News of the Antarctic ozone hole caused a sensation, including in the scientific community. Hassler says it was already known in the 1970s what chemical processes could be used to break down ozone. After the hole was discovered, it was also measured and the problem was scientifically proven.
Maximum CFC levels in the 1990s
The reaction of decision-makers around the world was: By adopting the 1987 Montreal Protocol, signatory states initially committed themselves to gradually reducing the production and consumption of CFCs and halons.
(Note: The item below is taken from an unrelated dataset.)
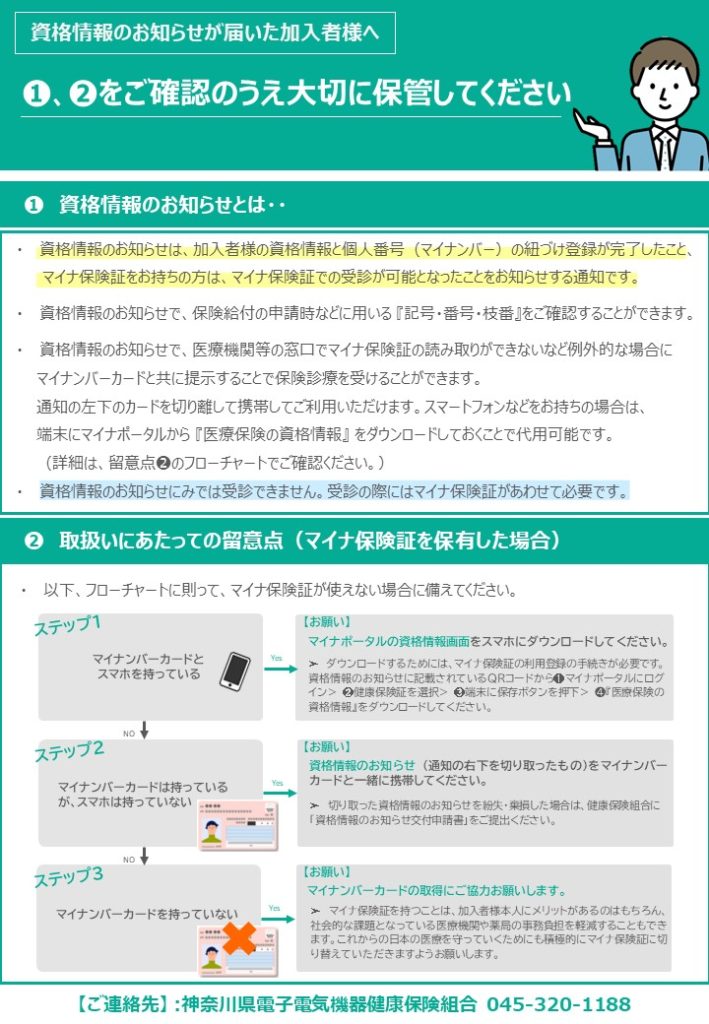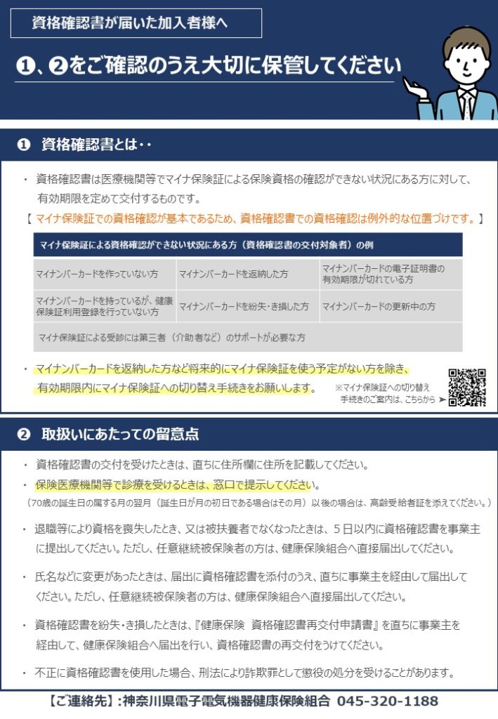 「資格確認書」および「資格情報のお知らせ」が交付された方へのリーフレットを添付いたしますので、適宜加入者の皆様へお知らせいただきますようお願いいたします。

In the years that followed, protections were further tightened. Other substances that were supposed to replace CFCs were included in the protocol.
Although measures began years ago, the concentration of CFCs in the upper atmosphere peaked in the mid-to-late 1990s, according to Hassler: “It took from the signing of the Montreal Protocol for CFCs to enter the atmosphere.” The global stratosphere, that is, the global stratosphere.” to the upper layers of the atmosphere, and is distributed.”
The ozone layer is slowly recovering
Garney explains that a decline in values has been observed there since around 2000. However, natural degradation processes take a long time: “That is why the recovery of the ozone layer is relatively slow.” It could take until 2066 for the ozone layer to fully recover, according to a report published by the World Meteorological Organization and the United Nations Environment Program in early 2023.
Hassler and Garney are co-authors of the report. Hassler says the numbers come from model simulations. It indicates when the ozone layer would have returned to its 1980 state. There are uncertainties in the modeling process, but statistically it can be seen that the ozone layer is recovering in many places.
Garney adds that general statements are not possible due to natural fluctuations in the atmosphere, which affect the depletion of the ozone layer, and which are similar to temperature fluctuations on Earth. There are still years with large ozone holes.
One positive piece of news in the report, Hassler says, is that “over the past four years, more evidence has been found that the Montreal Protocol actually works.”
Switching to “naturals” as the next step?
Katja Bekken of the Federal Environment Agency also assesses the phase-out of substances such as CFCs and their climate-harming successors as a “really positive development at the international level.” Ozone-depleting gases have been virtually eliminated from production and consumption since the Convention entered into force.
Pekin believes that more work is needed, among other things, in switching to substances that are not chemical but natural, for example carbon dioxide: “We have taken a lot of steps and now partly end up using halogenated substances, which do not exist.” “And it still exists.” The ozone layer is not only harmful to the climate, nor does it have a high global warming potential, but its decomposition products cause major problems.
Politics always lags behind in finding internationally acceptable solutions. “We have to get everyone together at the table and that takes time,” Bacon said.
“Keep checking and searching.”
The Convention for the Protection of the Ozone Layer shows what could happen if this worked. “It’s always nice to say: The Montreal Protocol has been signed by everyone and it really helps,” says Hassler.
But: It is necessary to continue to monitor the situation, as Garney emphasizes: “I think it is an important statement that – even though the problem seems to have been solved – you still have to keep checking and seeing if what happens next will happen as one expects. “Both from the political side or from the scientific side.”